Originally posted by zed:
how are the patches fitting together are u tesselating the edge of the lower res patch?
How do you organize the data for that? I store all the verts for a given patch in 1 VBO, then use the indices to drop points from the edge of the high res patch...seems like your way would require storing some extra verts somewhere?

zed
02-18-2005, 09:44 AM
How do you organize the data for that?
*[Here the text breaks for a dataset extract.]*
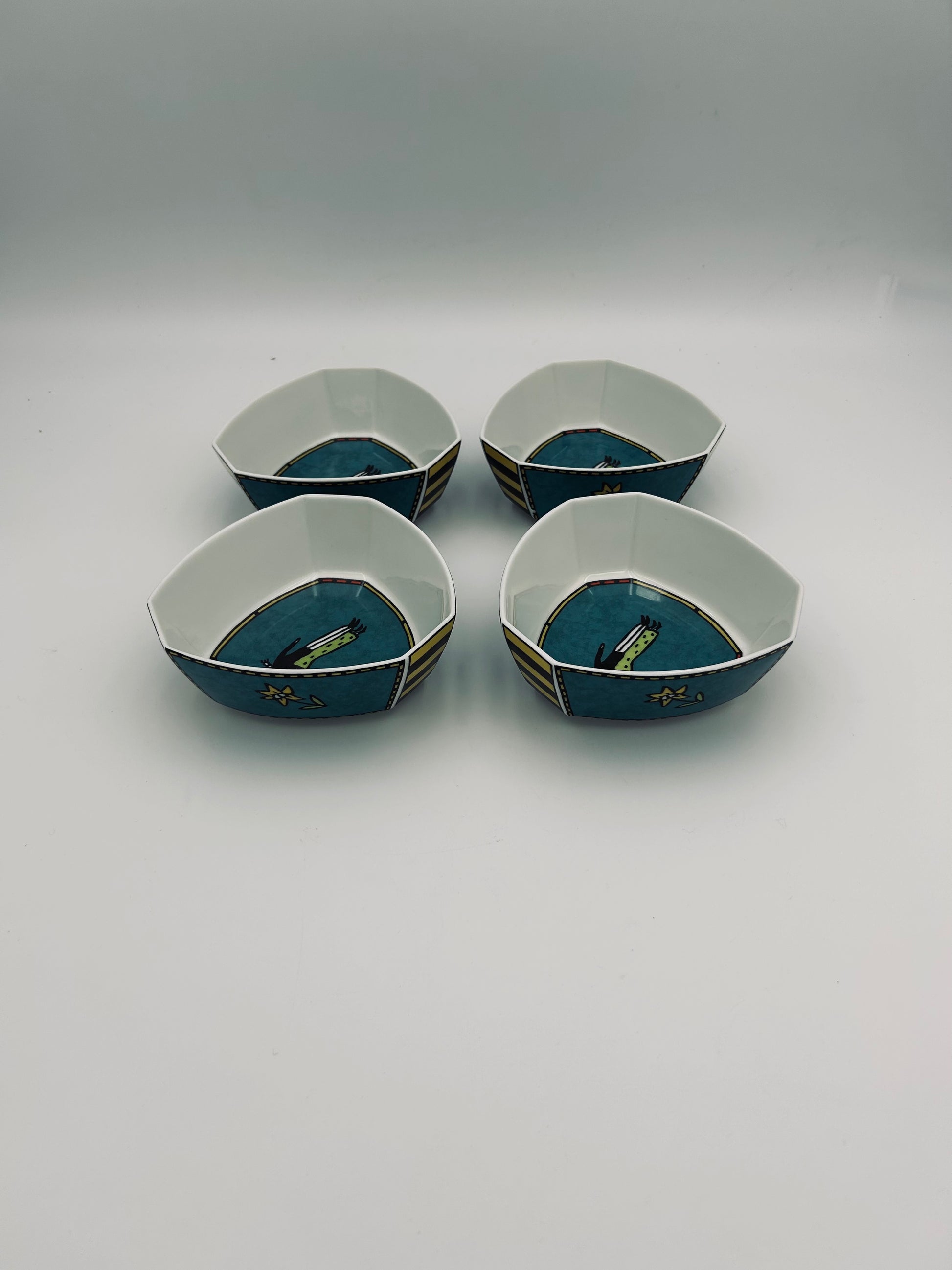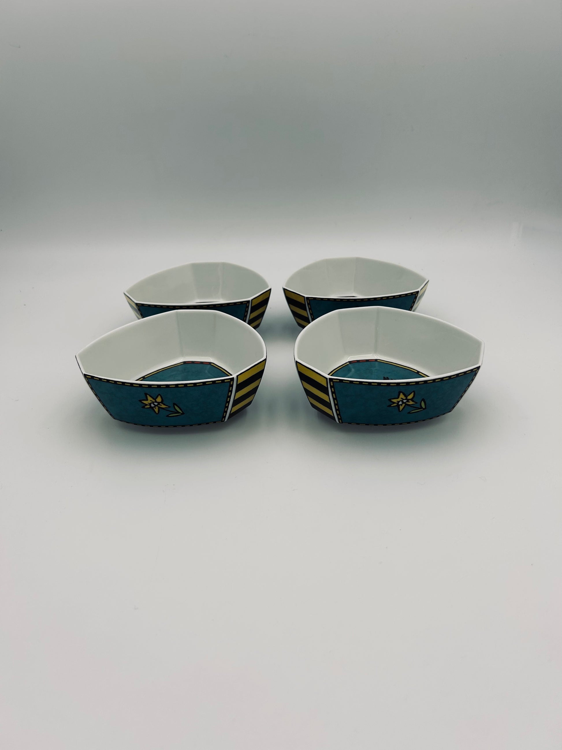 These ramekins are distinguished by their original shapes and vibrant patterns, characteristic of the style of Dorothy Hafner and the Memphis movement.

I store all the verts for a given patch in 1 VBO, then use the indices to drop points from the edge of the high res patch...seems like your way would require storing some extra verts somewhere?the number of verts etc is a non issue, ive given up caring about them since the gf2mx 20mil/sec.
my method
each patch has its own verts, texture data etc. like i said the number of verts is a non issue (vertice popping is very hard to spot, its the texture popping that u need to concern yourself with) , u can happily increase the visabilty to 128km without much of a slowdown, the killer though is the extra textures that need to be generated
---- from my webpage----
basically u can wander around wherever u want without the terrain repeating (though it all looks similar in the current noise generation method im using) all terrain textures/verts etc are generated whilst u move around with no visible slowdowns ( i spread out the work over multiple frames ). In the above shot theres 16 vertices to every square meter, shading is 16x that resolution ie 0.0625m x 0.0625m. The visibility above i believe is 2km (increasing/decreasing has minor impact on the framerate). im using LOD with very little popping during movement.
-------

Adrian
02-22-2005, 03:22 AM
Originally posted by Ysaneya:
My own terrain engine in that case is getting between 60 and 80 MTris/sec, but that's on a Radeon 9700. I've never tested it on better GPUs. But next week i should get a X850 XT PE - it better flyDid you get the X850? Did it make a lot of difference to the performance?

Adrian
02-24-2005, 06:55 AM
I just uploaded a demo, if some people would be kind enough to test it out before I publicly release it. I'm interested in the TPS (tris/sec) on the newer ati/nv cards.

Thanks.

http://www.mars3d.com/Software/EarthExplorer.zip

AlexN
02-24-2005, 08:22 AM
Crashed after a few ticks into the loading.
Radeon 9800 Pro, 5.1 drivers

Adrian
02-24-2005, 09:19 AM
How many ticks(dots) before it crashed. Thanks.

AlexN
02-24-2005, 10:32 AM
Crashed once or twice with 2 visible, once with 4, and several times with 3 visible.

Adrian
02-24-2005, 11:59 AM
Goodness knows whats going on there then.

Anyone got it to work?

yooyo
02-24-2005, 01:08 PM
6800U with FW 75.90.
TPS is from 90 to 113M.

5600Go with FW 71.80
TPS is ~30M
yooyo

Chuck0
02-24-2005, 11:32 PM
Originally posted by Adrian:
How many ticks(dots) before it crashed. Thanks.4 dots are displayed then it crashes. 5.1 catalyst drivers with radeon9700pro

Adrian
02-28-2005, 09:23 AM
Thanks for the feedback guys. Looks like I have a bug that only manifiests itself on ATI hardware....again. I keep having this problem so I'm going to have to buy a 9600.